▶ MATERIAL FOR THE TASK:
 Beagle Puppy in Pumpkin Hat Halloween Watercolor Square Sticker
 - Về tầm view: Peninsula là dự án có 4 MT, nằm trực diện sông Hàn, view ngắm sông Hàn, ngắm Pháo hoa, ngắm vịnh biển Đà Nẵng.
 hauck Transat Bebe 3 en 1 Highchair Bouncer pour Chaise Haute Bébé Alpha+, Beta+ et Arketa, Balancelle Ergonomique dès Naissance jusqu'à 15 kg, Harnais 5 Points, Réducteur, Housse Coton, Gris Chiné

==

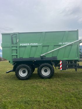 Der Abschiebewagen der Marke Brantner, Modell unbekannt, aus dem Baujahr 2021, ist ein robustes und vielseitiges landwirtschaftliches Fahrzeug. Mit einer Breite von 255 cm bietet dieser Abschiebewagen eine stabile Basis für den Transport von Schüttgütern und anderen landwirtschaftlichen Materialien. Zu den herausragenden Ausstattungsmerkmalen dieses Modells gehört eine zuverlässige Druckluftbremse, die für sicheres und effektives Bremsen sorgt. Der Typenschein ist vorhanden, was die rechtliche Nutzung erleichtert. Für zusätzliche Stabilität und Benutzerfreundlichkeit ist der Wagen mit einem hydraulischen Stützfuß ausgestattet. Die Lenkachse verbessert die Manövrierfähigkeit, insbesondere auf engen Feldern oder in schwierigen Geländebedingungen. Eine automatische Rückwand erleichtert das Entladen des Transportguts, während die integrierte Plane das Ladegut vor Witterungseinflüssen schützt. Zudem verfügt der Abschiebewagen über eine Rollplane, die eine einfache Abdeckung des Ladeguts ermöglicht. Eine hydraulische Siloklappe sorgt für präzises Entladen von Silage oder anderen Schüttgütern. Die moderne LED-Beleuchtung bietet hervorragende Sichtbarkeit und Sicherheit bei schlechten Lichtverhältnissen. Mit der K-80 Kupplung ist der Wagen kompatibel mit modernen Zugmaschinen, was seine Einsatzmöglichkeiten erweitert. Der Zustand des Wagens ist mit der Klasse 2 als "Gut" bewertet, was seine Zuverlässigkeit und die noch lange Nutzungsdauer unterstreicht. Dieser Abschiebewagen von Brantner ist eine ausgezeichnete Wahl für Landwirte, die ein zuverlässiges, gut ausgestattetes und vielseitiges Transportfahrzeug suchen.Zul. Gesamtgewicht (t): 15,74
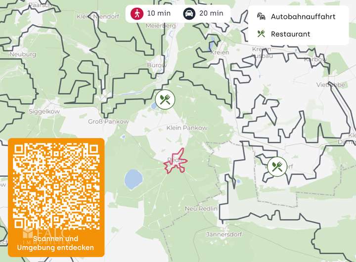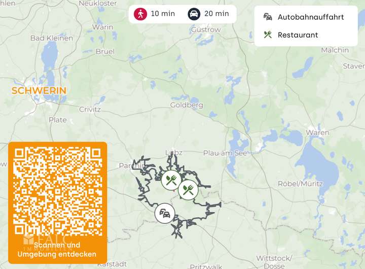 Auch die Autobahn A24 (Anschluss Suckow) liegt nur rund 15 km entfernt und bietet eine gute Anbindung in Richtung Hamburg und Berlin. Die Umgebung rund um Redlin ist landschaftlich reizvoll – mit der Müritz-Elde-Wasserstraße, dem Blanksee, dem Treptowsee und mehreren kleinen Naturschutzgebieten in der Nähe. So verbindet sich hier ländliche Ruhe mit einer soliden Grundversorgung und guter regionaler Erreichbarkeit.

--

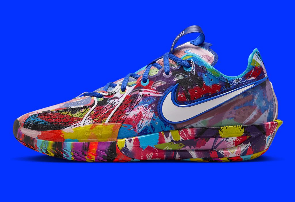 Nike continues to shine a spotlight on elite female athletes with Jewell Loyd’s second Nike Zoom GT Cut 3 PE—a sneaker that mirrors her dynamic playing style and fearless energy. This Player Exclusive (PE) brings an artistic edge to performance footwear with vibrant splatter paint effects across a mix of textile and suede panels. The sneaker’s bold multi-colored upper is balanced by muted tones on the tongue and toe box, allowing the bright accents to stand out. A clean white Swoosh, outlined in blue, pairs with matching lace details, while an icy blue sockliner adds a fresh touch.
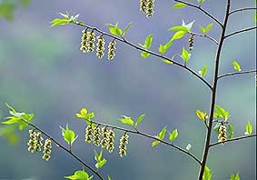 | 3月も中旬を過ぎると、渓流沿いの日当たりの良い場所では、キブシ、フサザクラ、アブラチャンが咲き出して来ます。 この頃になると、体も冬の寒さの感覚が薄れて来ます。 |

▶ YOUR OBJECTIVE:
Print exactly the lines of the listing above starting at the line containing "Beagle Puppy in" and ending at the line containing "- Về tầm view: Peninsula", both included.

▶ EXERCISE OUTPUT:
 Beagle Puppy in Pumpkin Hat Halloween Watercolor Square Sticker
 - Về tầm view: Peninsula là dự án có 4 MT, nằm trực diện sông Hàn, view ngắm sông Hàn, ngắm Pháo hoa, ngắm vịnh biển Đà Nẵng.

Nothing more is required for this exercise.